Why it’s wrong here: IPF presents with:
- Progressive dyspnea, dry cough
- Older age (usually >50)
- Velcro crackles, clubbing
- HRCT: subpleural basal reticulation + honeycombing
- No eosinophilia, no asthma, no neuropathy, no purpura
One-liner:
IPF is chronic fibrotic ILD—no eosinophils, no asthma, no systemic vasculitis.
Rapid-Fire Differentiation Table (Worth Memorizing)

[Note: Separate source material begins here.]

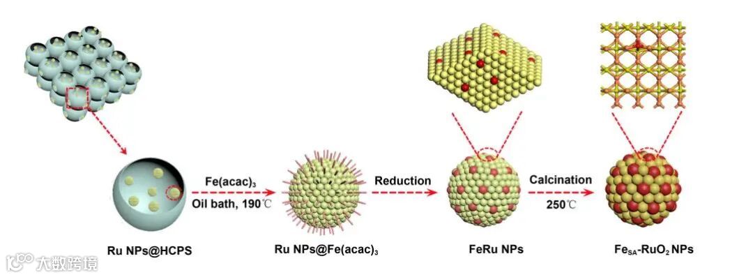 图1. FeSA-RuO2/HPCS样品的合成过程示意图。

| Condition | Key clue | ANCA | Lungs | Eosinophilia | Classic extra |
|---|---|---|---|---|---|
| EGPA | Asthma + eosinophilia + neuropathy | p-ANCA (sometimes) | Infiltrates, asthma | Yes | Mononeuritis multiplex, myocarditis |
| GPA | Sinus + lung + kidney | c-ANCA (PR3) | Nodules/cavitation | No | GN, saddle nose |
| MPA | Hemoptysis + GN | p-ANCA (MPO) | Capillaritis | No | No granulomas |
| PAN | Medium-vessel, HBV | ANCA– | Spared | No | Renal/GI ischemia, aneurysms |
| ABPA | Asthma + high IgE + bronchiectasis | — | Bronchiectasis | Yes | Brown plugs, Aspergillus IgE |
| IPF | Progressive fibrosis, honeycombing | — | Restrictive fibrotic ILD | No | Velcro crackles, clubbing |
Exam “Trap Alerts” (How They Try to Get You)
- p-ANCA is not exclusive to EGPA. MPA can also be p-ANCA+. You need the asthma + eosinophilia + granulomatous/eosinophilic tissue disease vibe.
- Asthma + eosinophilia alone could be ABPA. Add neuropathy/purpura/systemic vasculitis and it becomes EGPA.
- Pulmonary infiltrates in EGPA are often transient/migratory—that’s a huge clue.
Take-Home High-Yield Summary
- EGPA (Churg–Strauss) = asthma + eosinophilia + systemic small-vessel vasculitis
- Think mononeuritis multiplex, palpable purpura, migratory infiltrates, sinusitis, and sometimes p-ANCA (MPO).
- If the stem screams “allergic airway disease” but the question is really about a multisystem vasculitis, EGPA is the answer.